James Watson once said that the double helix contains a library of detailed information about all generations of our ancestry "if only we could read it." Combining epigenetics and the advances in autosomal DNA tests, we are beginning to read the whole of human medical, evolutionary and ethnic history, at least in outline form. 

Discussion is accelerating in the United States and European Union to regulate private genomic testing that provides consumers medical information, according to Science magazine and the European Journal of Human Genetics. No mention is made in the reams of white papers about ancestry testing, but some of the pitfalls and bureaucratic morasses in the thinking about true genetic/medical testing are fairly ominous, if not silly.

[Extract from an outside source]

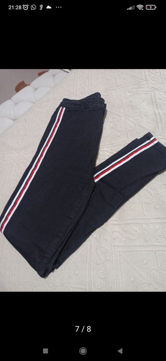 Collezione kot Jean pantolon 38 füme likralı boy 93 bel 38 az kullanılmış 38/30Elastik bel bantlı, yanları çizgili siyah denim kadın pantolon. Midi boy ve dar kesim, günlük şıklık için ideal.

"Although there has been speculation about the potential psychosocial harms of testing [that is, genomic medical testing], such as an increase in anxiety or encouragement of fatalistic behavior, there are, to date, few studies addressing these concerns," writes the reporters for Policy Forum in the Oct. 8 issue of Science. "The limited evidence tends to be reassuring, even for risk information associated with relatively serious ailments...however, the scope for potential harm from unnecessary or unproven treatment after genetic risk assessment is an important unstudied question" (pp. 181f.).

We commend scientists and physicians for finding a new field of study divorced from reality but have to wonder what they will do about ancestry testing once they have conquered and tamed Frankenstein's elder monster. We suggest the following guidelines:

• Labeling on Internet sites and Zen Shopping Carts that explicitly states, "The claims for this ancestry product have not been evaluated by the U.S. Government Accountability Office (GAO), U.S. Federal Trade Commission (FTC), House Energy and Commerce Committee, Food and Drug Administration, National Institutes for Health or Department of Bioethics and Humanities, University of Washington School of Medicine, Seattle, WA 98195 USA."
• Predictive ancestry information may be hazardous to your progeny.
• No animal has been harmed in the production or clinical evaluation of this ancestry test.
• If you discover you have ancestry you did not expect, take a deep breath. Then take a healthy dose of skepticism, followed by two aspirins and a glass of water.

In an article titled "Indian Tribe Wins Fight to Limit Research of Its DNA," Amy Harmon reports that Arizona State University has agreed to pay the Havasupai Indians of the Grand Canyon $700,000 and return blood samples collected from them for diabetes studies in the 1990s. The university's Board of Regents apologized to the tribe for...well, that part of the story is not clear. Not informing them that the samples might be used for "wider-ranging genetics"? Not informing the subjects that they reached negative conclusions and found no "diabetes gene" as they believed they had in a Pima Indian study? Not getting permission (no, that was done with simple-to-understand, signed consent forms, as was proper)? Coming to different conclusions about the Havasupai's origins than their myths and legends? Allowing people to "get degrees and grants" using "our blood"? Implying that the Havasupai are inbred? One Havasupai woman found that offensive.

Many tribal members were disgruntled because they were still suffering from diabetes after the university "took their blood."

Sorry, Havasupai Indians, a project participation consent form is not a treaty. But if you signed it, you should honor your word. You cannot go back now and require the researchers who use your samples to come to research conclusions that suit you and be silent about those that do not. Science (and society) doesn't work like that.

The tribe's dictates to the University were mercenary and the University's decision to pay the tribe off, wrong. The case sets a bad precedent and places another barrier between Indian peoples in remote areas and the real world.